The first location for the museum was a room at Rutherford's Sylvan School, and the collection was known as the Sylvan School Museum and open to students in the Rutherford public schools. In the late 1960s, the school district needed the classroom space once again, and the museum relocated to an office building on Ames Avenue and called itself the Rutherford Museum.

In 1974, the museum purchased the Yereance-Berry House at Crane Avenue and Meadow Road. The house, most of which was built in the early 19th century, is on the National Register of Historic Places, although a portion of the house was removed when Crane Avenue was built through to Meadow Road in the 1930s.
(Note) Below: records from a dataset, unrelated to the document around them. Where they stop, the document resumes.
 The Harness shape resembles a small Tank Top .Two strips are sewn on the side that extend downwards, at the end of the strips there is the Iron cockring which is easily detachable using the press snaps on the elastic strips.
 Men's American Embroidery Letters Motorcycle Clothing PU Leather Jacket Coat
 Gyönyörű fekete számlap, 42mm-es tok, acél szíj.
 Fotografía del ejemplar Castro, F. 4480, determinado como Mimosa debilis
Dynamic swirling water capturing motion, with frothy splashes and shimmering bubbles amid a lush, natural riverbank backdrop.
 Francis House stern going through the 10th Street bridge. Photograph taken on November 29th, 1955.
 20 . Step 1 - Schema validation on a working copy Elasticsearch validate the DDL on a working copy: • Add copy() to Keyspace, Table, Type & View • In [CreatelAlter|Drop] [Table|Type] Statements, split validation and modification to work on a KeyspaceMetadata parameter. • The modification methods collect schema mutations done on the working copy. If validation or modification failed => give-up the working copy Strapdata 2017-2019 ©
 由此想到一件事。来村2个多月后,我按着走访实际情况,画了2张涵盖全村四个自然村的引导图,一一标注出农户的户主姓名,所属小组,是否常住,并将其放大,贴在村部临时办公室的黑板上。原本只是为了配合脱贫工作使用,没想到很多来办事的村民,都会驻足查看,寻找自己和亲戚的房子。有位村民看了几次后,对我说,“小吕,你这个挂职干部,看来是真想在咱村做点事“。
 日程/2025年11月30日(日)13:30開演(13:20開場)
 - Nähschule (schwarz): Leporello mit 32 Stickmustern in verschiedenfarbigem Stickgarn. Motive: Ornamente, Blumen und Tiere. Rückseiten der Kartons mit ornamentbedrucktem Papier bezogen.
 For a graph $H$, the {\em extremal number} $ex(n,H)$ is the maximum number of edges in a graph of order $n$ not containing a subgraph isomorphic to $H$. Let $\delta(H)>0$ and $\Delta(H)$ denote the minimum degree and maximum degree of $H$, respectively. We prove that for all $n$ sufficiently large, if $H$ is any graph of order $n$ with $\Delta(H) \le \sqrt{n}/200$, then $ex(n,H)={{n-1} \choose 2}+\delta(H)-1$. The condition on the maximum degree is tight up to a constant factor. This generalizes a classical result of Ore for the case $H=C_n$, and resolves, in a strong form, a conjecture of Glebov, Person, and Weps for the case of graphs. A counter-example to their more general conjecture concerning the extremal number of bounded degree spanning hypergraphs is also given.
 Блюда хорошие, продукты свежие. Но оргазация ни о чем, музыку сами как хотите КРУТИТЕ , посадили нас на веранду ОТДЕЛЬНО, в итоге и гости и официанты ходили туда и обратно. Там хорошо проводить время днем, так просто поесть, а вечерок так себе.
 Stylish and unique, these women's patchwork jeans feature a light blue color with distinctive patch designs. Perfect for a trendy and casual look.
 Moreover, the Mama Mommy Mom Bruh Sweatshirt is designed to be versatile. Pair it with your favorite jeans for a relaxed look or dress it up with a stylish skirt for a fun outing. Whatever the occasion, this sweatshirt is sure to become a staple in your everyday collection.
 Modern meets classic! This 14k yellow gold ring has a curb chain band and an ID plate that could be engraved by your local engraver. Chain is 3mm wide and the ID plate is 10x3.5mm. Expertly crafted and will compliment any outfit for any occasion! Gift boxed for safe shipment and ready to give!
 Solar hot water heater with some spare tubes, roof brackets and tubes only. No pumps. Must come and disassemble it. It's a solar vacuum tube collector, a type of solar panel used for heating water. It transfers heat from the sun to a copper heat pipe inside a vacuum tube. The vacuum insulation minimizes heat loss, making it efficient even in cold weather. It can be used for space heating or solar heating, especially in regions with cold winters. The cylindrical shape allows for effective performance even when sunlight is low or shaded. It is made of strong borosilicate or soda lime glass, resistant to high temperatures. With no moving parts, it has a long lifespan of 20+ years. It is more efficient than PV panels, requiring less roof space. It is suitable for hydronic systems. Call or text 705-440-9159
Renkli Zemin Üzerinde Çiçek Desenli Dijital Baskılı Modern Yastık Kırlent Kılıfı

The Meadowlands Museum is dedicated to preserving the history of the Meadowlands region, housing artifacts and exhibits related to the local cultural and natural heritage of Bergen County. (meadowlandsmuseum.com)

==The museum today==
The museum's primary mission is to interpret the region's history through educational programs and displays of items relating to that history.

As of 2005, the museum has four permanent exhibits: an antique toy room featuring items from the 19th and early 20th century; an exhibit of local rocks and minerals, including fluorescent minerals; a pre-electric kitchen, designed to resemble a kitchen of the early 20th century; and the "homespun" room, featuring early- to mid-19th-century items such as spinning wheels, dishes, and clothes.

The museum has highlighted the life of Bergen County native poet William Carlos Williams.

In keeping with the museum's original concept, field trips to the museum are common among area schoolchildren.